Publié le 28 septembre 2009

Attention, cet article ne reflète pas nécessairement le point de vue de Genres Pluriels. Les termes choisis ("hermaphrodite", "ils ou elles ?", "anomalie", ...) nous paraissent symptomatiques du binarisme qui imprègne la plupart des articles publiés au sujet des personnes intersexuées... Mais le fait est que de plus en plus de journalistes s’intéressent aux questions trans’ et intersexes, ce qui n’est pas forcément un mal ! Peut-être faudrait-il leur envoyer un petit glossaire et/ou des conseils de lecture ?

Article de Clare O’Dea, swissinfo.ch
(Adaptation de l’anglais : Samuel Jaberg, Olivier Pauchard)

Ils sont nés avec des attributs sexuels à la fois masculins et
féminins. Ils (elles ?), ce sont les hermaphrodites, des personnes à
qui l’on fait subir dès le plus jeune âge des opérations pour
« corriger » cette anomalie. Une situation que dénonce Daniela Truffer.
« C’est un garçon ! », « C’est une fille ! » : l’exclamation post-natale qui
fait le bonheur de tous les parents. Mais que se passe-t-il lorsque la
vie ne se conforme pas aux traditionnelles cartes de voeux et que
l’accouchement se transforme en une énigme insoluble ?

Daniela Truffer est venue au monde hermaphrodite. Les médecins, eux,
ont décidé d’en faire une femme. Cette Zurichoise de 44 ans milite
contre les opérations forcées et les traitements hormonaux infligés
aux enfants nés avec des organes sexuels indéterminés.

Douloureuses et irréversibles

Pour Daniela Truffer, il faut donner le temps aux individus de grandir
et de décider d’eux-mêmes s’ils veulent devenir un homme ou une femme.
Ou alors rester à mi-chemin, un phénomène nommé intersexuation ou plus
couramment hermaphrodisme. « Les opérations forcées ne sont pas une
solution », estime-t-elle. Une affirmation qui se base sur plusieurs
études médicales démontrant que la plupart des patients souffrent de
frustration et de regrets durant toute leur vie.
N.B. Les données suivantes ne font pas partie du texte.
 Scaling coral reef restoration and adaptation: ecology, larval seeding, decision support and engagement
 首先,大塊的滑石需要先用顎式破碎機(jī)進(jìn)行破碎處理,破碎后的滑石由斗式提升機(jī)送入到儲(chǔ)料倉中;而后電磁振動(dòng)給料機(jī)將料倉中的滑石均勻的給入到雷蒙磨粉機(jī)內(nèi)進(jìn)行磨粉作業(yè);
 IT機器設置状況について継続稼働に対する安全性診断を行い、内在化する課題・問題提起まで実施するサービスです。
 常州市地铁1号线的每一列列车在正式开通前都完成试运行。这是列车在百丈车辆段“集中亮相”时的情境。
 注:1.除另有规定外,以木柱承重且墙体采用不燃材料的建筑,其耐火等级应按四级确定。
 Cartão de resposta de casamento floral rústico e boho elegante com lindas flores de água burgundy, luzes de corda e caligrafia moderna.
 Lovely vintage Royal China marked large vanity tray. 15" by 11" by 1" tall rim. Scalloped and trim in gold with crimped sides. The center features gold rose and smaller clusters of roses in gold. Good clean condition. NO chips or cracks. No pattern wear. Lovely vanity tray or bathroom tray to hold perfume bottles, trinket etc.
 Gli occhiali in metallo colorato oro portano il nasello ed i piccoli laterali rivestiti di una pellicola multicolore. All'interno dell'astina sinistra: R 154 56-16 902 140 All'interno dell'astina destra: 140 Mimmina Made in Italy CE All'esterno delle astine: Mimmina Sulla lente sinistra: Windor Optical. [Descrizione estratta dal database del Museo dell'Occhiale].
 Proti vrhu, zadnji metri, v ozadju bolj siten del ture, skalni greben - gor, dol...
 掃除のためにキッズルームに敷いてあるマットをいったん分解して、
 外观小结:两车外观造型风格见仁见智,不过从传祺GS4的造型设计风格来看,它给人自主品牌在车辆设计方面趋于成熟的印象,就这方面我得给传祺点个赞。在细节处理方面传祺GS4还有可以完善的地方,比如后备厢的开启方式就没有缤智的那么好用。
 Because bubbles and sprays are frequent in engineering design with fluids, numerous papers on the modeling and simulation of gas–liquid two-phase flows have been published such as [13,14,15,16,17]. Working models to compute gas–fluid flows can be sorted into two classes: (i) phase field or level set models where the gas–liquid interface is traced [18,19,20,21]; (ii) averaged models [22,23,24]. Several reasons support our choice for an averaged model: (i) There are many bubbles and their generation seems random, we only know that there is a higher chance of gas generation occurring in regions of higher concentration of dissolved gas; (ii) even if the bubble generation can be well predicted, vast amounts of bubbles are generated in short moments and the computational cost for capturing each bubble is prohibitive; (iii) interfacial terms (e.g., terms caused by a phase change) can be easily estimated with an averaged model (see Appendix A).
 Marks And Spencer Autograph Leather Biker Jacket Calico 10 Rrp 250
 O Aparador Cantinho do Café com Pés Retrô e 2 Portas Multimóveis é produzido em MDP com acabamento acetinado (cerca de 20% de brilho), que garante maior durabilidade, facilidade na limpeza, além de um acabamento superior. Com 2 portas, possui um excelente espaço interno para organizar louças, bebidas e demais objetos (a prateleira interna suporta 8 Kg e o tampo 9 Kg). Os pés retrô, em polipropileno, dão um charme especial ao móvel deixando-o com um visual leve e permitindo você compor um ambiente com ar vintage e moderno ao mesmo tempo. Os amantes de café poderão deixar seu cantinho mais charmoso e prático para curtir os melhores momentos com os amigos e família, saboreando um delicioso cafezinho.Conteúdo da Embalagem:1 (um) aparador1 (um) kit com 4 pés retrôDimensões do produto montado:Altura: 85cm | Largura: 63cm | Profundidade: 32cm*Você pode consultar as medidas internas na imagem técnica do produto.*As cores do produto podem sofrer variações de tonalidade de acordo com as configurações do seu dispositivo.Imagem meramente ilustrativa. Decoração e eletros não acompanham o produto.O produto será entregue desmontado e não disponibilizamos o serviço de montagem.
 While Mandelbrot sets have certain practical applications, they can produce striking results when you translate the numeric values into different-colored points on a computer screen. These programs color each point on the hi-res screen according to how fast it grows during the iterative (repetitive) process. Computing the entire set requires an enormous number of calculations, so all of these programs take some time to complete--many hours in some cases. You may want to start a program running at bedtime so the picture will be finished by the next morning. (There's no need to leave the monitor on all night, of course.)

« Ces opérations sont douloureuses et irréversibles. La probabilité de
réduire ou même d’anéantir le désir sexuel est très importante. Les
opérations cosmétiques non-consentantes violent le droit à l’intégrité
physique et à l’auto-détermination. Cela va à l’encontre des droits de
l’homme », plaide Daniela Truffer.

Près d’un enfant sur 2000 naîtrait hermaphrodite. Ce fait est connu
des sociétés humaines depuis l’Antiquité. Mais avec le temps, les
personnes de sexe ni totalement masculin ni totalement féminin sont
devenues une minorité invisible, particulièrement depuis que la
chirurgie « corrective » est devenue la norme au 20e siècle.

Un impératif culturel

Les docteurs et les parents agissent sous l’emprise d’un impératif
culturel qui veut que lorsque des éléments des deux sexes sont
présents sur un enfant, un choix doit être opéré au plus vite. Daniel
Truffer, qui milite pour le droit des hermaphrodites depuis deux ans,
affirme que son cas est loin d’être atypique.
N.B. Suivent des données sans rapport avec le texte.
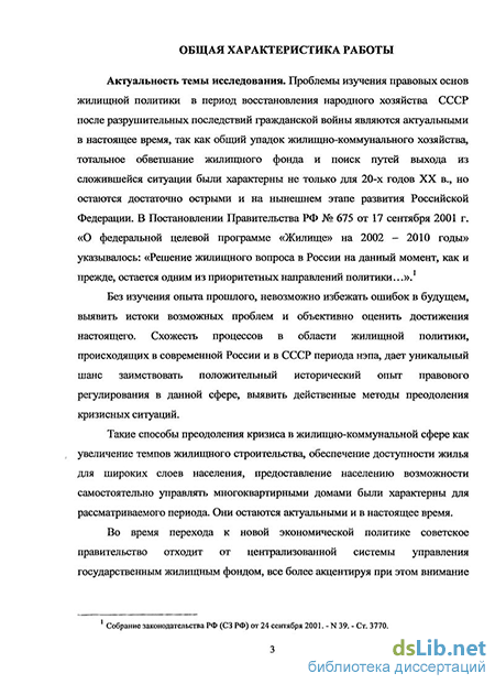 Актуальность темы исследования. Проблемы изучения правовых основ жилищной политики в период восстановления народного хозяйства СССР после разрушительных последствий гражданской войны являются актуальными в настоящее время, так как общий упадок жилищно-коммунального хозяйства, тотальное обветшание жилищного фонда и поиск путей выхода из сложившейся ситуации были характерны не только для 20-х гг XX в, но остаются достаточно острыми и на нынешнем этапе развития Российской Федерации В постановлении Правительства РФ от 17 09 2001 № 675 «О федеральной целевой программе "Жилище" на 2002—2010 годы» указывалось, что «решение жилищного вопроса в России на данный момент, как и прежде, остается одним из приоритетных направлений политики»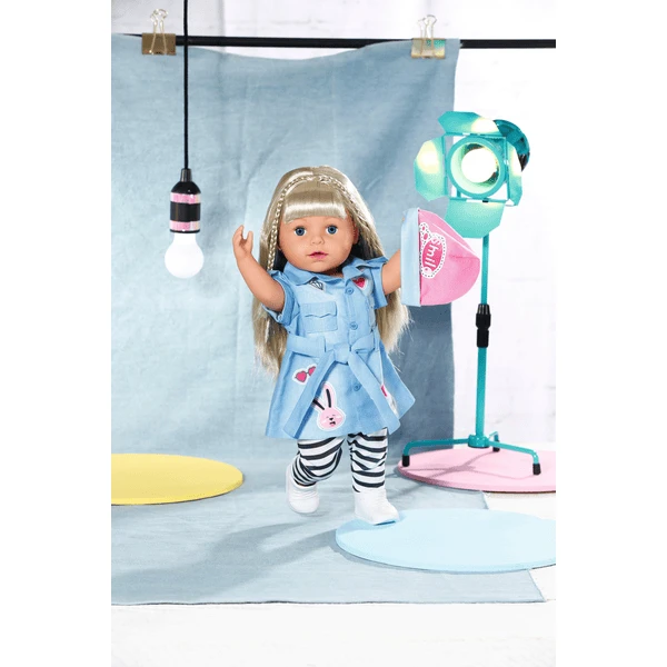 Het jeans-look exemplaar van BABY born heeft speelse turn-ups aan de mouwen, een symmetrische kraag, opgestikte zakken en een riempje met bindceintuur. Het is versierd met leuke prints die doen denken aan lapjes. Daaronder draagt de kleine Fashion ista een zwart-wit gestreepte legging en witte sneakers. En op het kleine hoofdje komt een roze kapje.

Née en 1965 « sans caractéristiques sexuelles clairement définies »,
elle possédait des chromosomes masculins, un micro pénis et des
testicules sous-développées qui ressemblaient davantage à des lèvres
vaginales. « Pour son bien », un genre lui a été assigné de manière
chirurgicale le plus rapidement possible. Les testicules de Daniela
lui ont été retirées alors qu’elle avait seulement deux mois. « Ils
m’ont castré ! », s’indigne-t-elle.

A l’âge de 7 ans, son micro pénis a été raccourci et transformé en
clitoris. Un vagin artificiel lui a été « attribué » à 18 ans. « La
plupart des gens que je connaîs ont moins ou plus du tout de
sensations sexuelles. C’est une atteinte cruelle aux droits de
l’homme. »

Sentiment de honte

Bien qu’elle était consciente de sa différence, ni ses parents ni les
médecins n’ont expliqué de manière adéquate à Daniela sa condition.
Elle a ainsi grandi avec un profond sentiment de honte. Sa colère est
maintenant dirigée contre l’établissement médical qui tarde à changer
sa pratique en matière de chirurgie d’attribution du genre.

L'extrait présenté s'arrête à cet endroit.